EXERCISE REQUIREMENTS: In your copy, set down the entries exactly and exclude the pictures.

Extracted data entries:
..............................

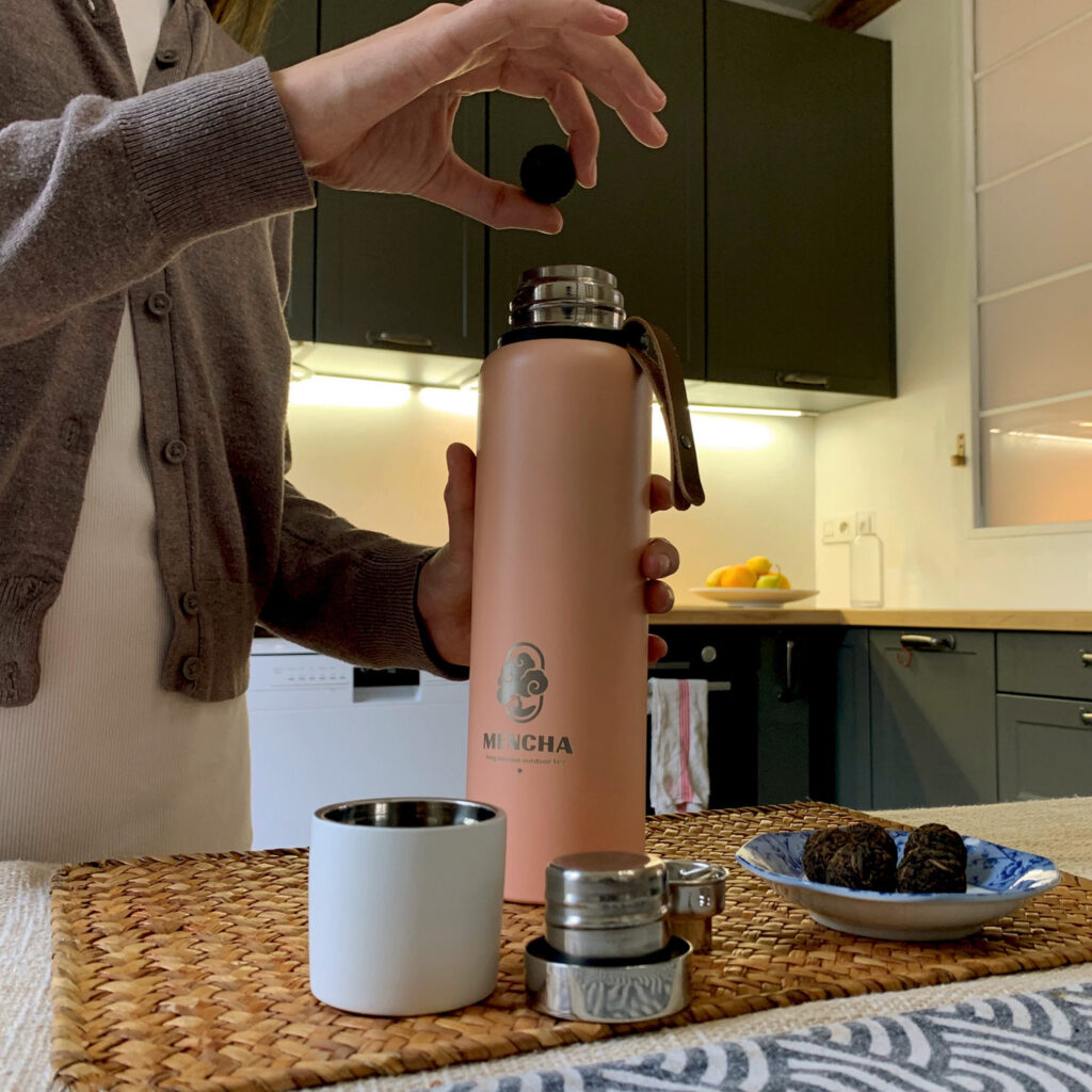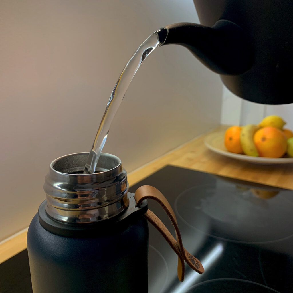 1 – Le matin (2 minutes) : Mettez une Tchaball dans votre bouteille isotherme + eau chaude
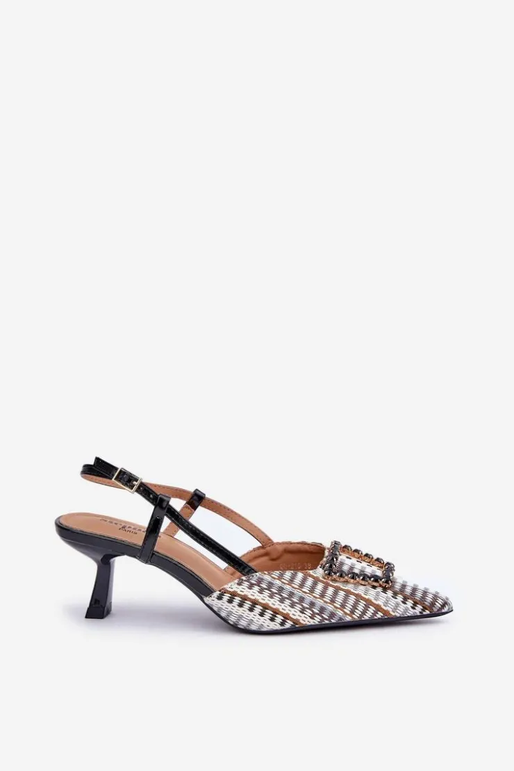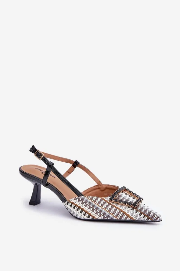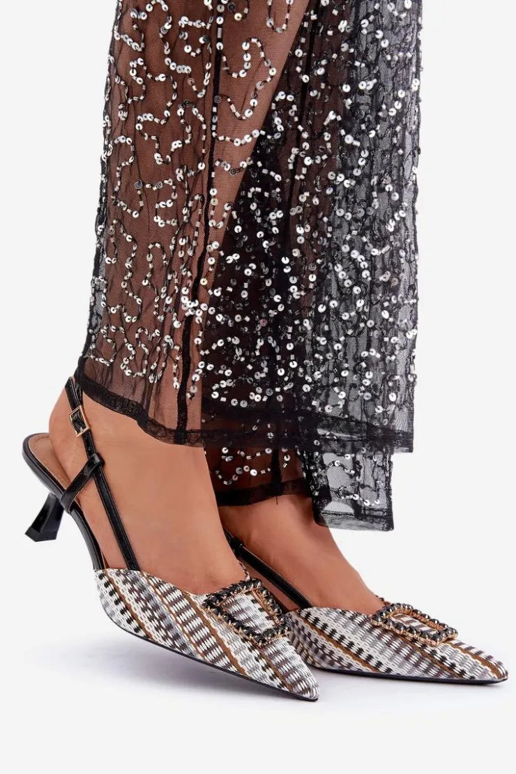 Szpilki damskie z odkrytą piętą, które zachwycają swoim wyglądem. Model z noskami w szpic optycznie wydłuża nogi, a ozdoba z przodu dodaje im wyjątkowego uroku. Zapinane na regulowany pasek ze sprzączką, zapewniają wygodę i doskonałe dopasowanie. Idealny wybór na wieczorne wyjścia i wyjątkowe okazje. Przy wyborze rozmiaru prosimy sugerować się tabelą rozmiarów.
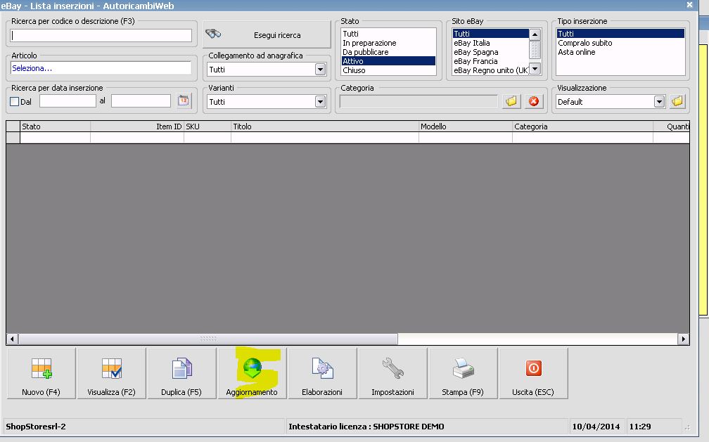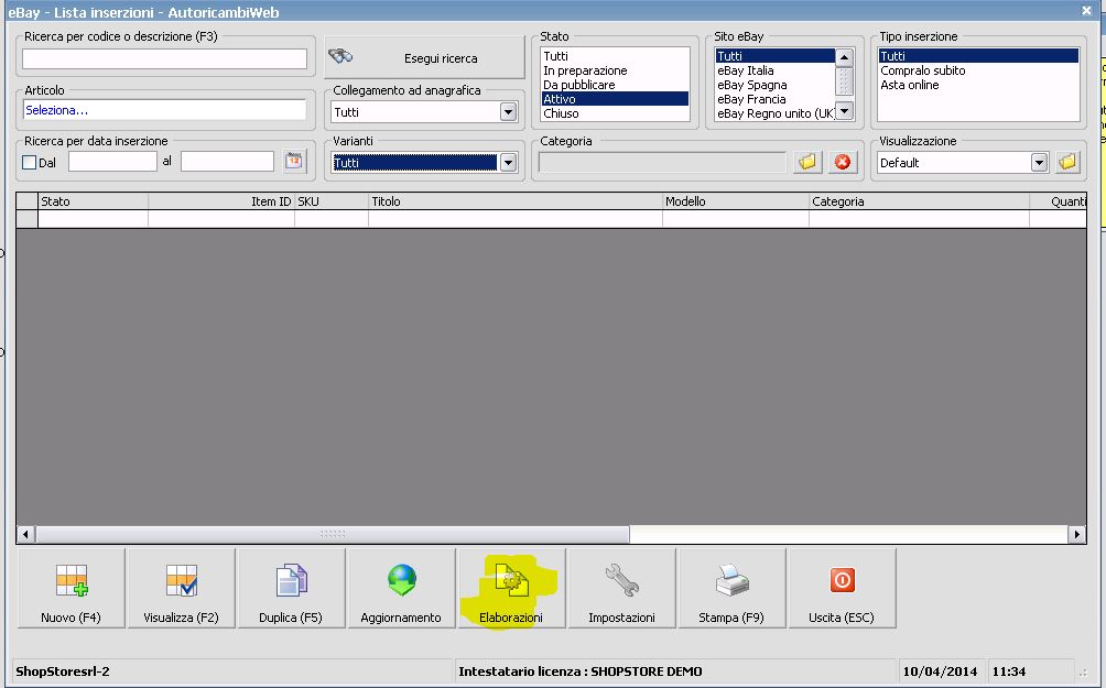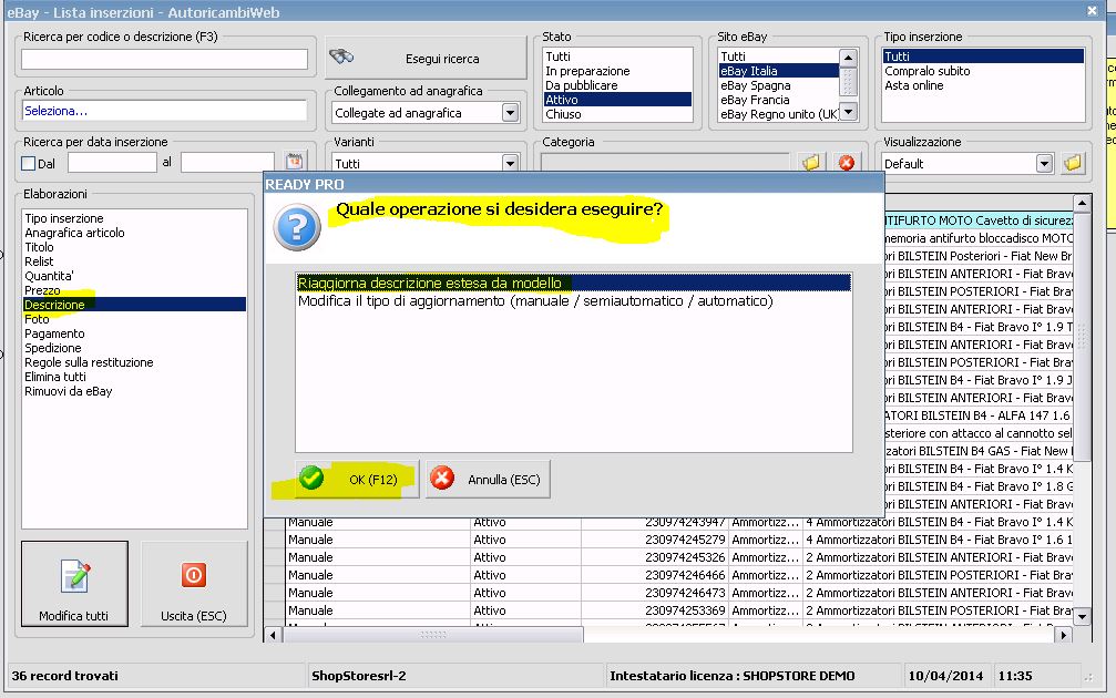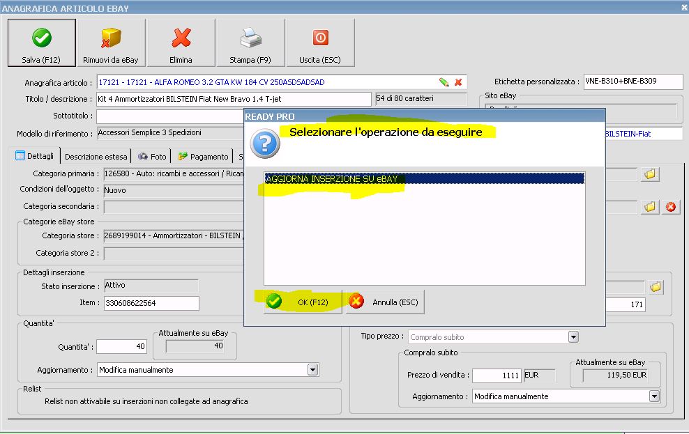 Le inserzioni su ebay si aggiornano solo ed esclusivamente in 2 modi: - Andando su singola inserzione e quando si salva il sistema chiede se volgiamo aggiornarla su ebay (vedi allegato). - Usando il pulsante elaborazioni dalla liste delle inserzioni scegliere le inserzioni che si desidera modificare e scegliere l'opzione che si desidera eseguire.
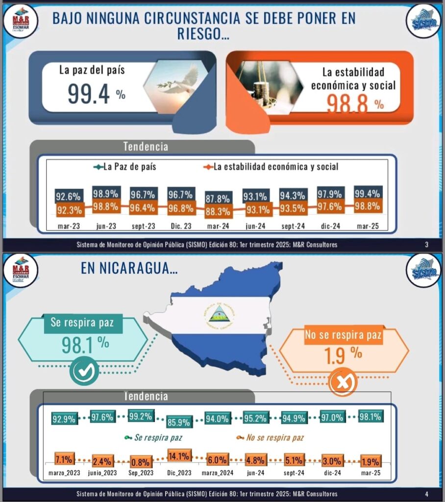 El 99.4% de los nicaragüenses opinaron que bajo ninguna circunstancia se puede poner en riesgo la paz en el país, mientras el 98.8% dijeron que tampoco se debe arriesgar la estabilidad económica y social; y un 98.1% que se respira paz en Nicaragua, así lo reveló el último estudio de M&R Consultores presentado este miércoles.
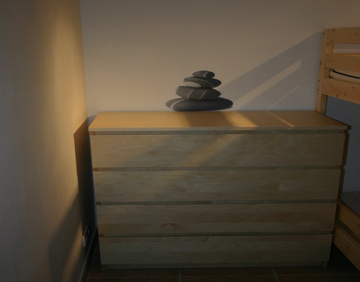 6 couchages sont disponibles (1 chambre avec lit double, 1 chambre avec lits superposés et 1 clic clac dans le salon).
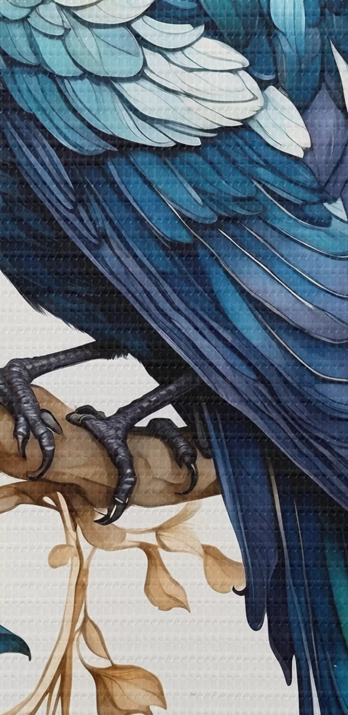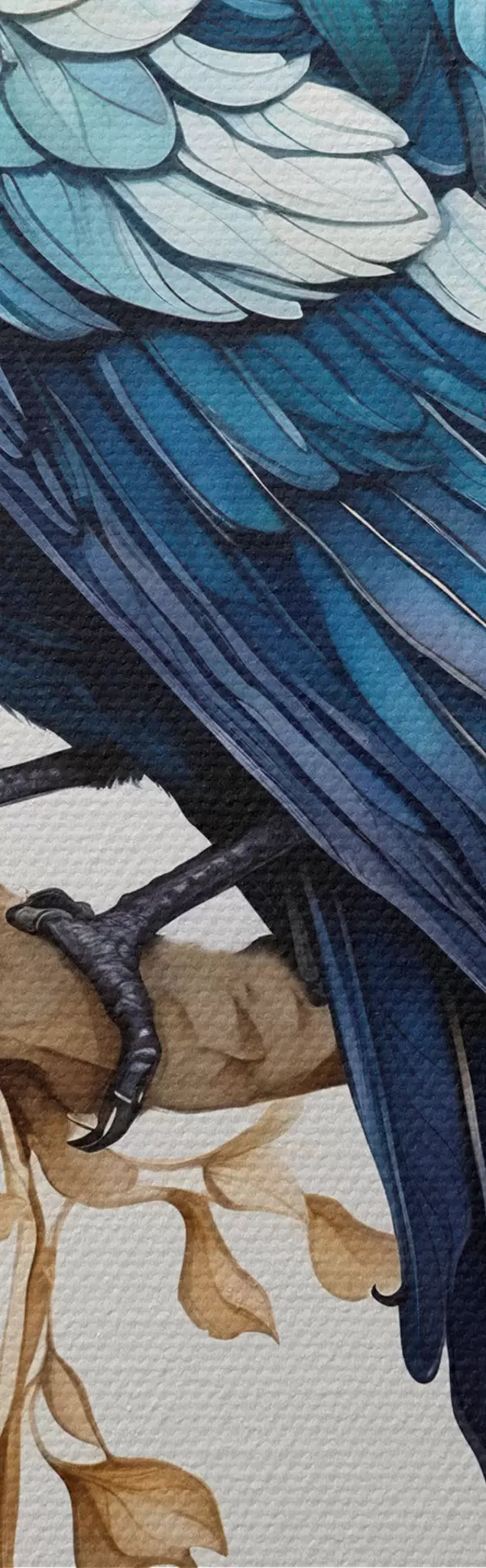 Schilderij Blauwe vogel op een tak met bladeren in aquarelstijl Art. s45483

..............................

TASK RESPONSE:
 1 – Le matin (2 minutes) : Mettez une Tchaball dans votre bouteille isotherme + eau chaude
 Szpilki damskie z odkrytą piętą, które zachwycają swoim wyglądem. Model z noskami w szpic optycznie wydłuża nogi, a ozdoba z przodu dodaje im wyjątkowego uroku. Zapinane na regulowany pasek ze sprzączką, zapewniają wygodę i doskonałe dopasowanie. Idealny wybór na wieczorne wyjścia i wyjątkowe okazje. Przy wyborze rozmiaru prosimy sugerować się tabelą rozmiarów.
 Le inserzioni su ebay si aggiornano solo ed esclusivamente in 2 modi: - Andando su singola inserzione e quando si salva il sistema chiede se volgiamo aggiornarla su ebay (vedi allegato). - Usando il pulsante elaborazioni dalla liste delle inserzioni scegliere le inserzioni che si desidera modificare e scegliere l'opzione che si desidera eseguire.
 El 99.4% de los nicaragüenses opinaron que bajo ninguna circunstancia se puede poner en riesgo la paz en el país, mientras el 98.8% dijeron que tampoco se debe arriesgar la estabilidad económica y social; y un 98.1% que se respira paz en Nicaragua, así lo reveló el último estudio de M&R Consultores presentado este miércoles.
 6 couchages sont disponibles (1 chambre avec lit double, 1 chambre avec lits superposés et 1 clic clac dans le salon).
 Schilderij Blauwe vogel op een tak met bladeren in aquarelstijl Art. s45483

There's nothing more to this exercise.